THE TASK: The answer is the data repeated in full, with no pictures included.

RECORDED DATA:
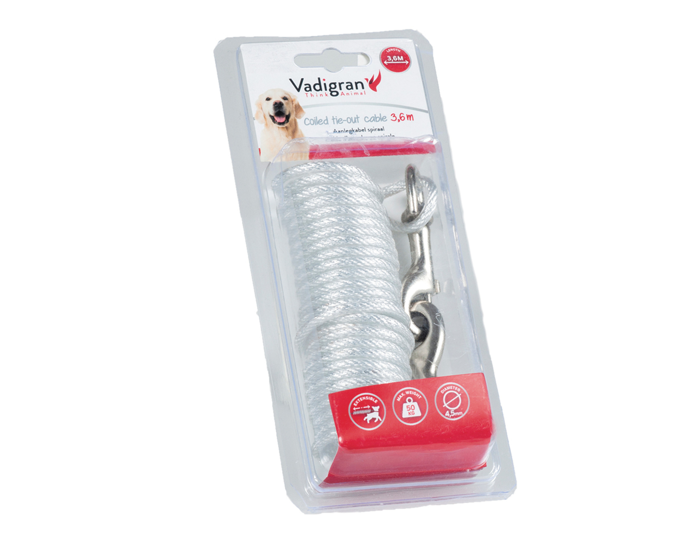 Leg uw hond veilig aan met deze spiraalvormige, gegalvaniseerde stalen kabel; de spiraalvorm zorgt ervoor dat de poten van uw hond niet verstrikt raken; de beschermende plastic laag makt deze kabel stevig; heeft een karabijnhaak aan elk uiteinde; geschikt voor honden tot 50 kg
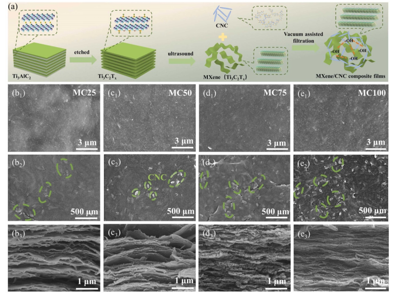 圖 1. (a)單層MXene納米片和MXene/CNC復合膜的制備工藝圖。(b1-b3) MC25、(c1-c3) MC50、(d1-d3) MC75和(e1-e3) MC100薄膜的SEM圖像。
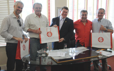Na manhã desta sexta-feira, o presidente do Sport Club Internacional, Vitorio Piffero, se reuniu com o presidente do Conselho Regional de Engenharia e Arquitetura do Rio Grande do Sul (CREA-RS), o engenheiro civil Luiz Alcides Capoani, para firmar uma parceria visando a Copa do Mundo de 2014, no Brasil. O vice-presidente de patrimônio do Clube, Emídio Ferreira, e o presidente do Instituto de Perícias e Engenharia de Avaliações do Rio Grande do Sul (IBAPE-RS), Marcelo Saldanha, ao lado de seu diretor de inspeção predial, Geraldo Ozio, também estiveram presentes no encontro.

REPLY TO THE EXERCISE:
 Leg uw hond veilig aan met deze spiraalvormige, gegalvaniseerde stalen kabel; de spiraalvorm zorgt ervoor dat de poten van uw hond niet verstrikt raken; de beschermende plastic laag makt deze kabel stevig; heeft een karabijnhaak aan elk uiteinde; geschikt voor honden tot 50 kg
 圖 1. (a)單層MXene納米片和MXene/CNC復合膜的制備工藝圖。(b1-b3) MC25、(c1-c3) MC50、(d1-d3) MC75和(e1-e3) MC100薄膜的SEM圖像。
Na manhã desta sexta-feira, o presidente do Sport Club Internacional, Vitorio Piffero, se reuniu com o presidente do Conselho Regional de Engenharia e Arquitetura do Rio Grande do Sul (CREA-RS), o engenheiro civil Luiz Alcides Capoani, para firmar uma parceria visando a Copa do Mundo de 2014, no Brasil. O vice-presidente de patrimônio do Clube, Emídio Ferreira, e o presidente do Instituto de Perícias e Engenharia de Avaliações do Rio Grande do Sul (IBAPE-RS), Marcelo Saldanha, ao lado de seu diretor de inspeção predial, Geraldo Ozio, também estiveram presentes no encontro.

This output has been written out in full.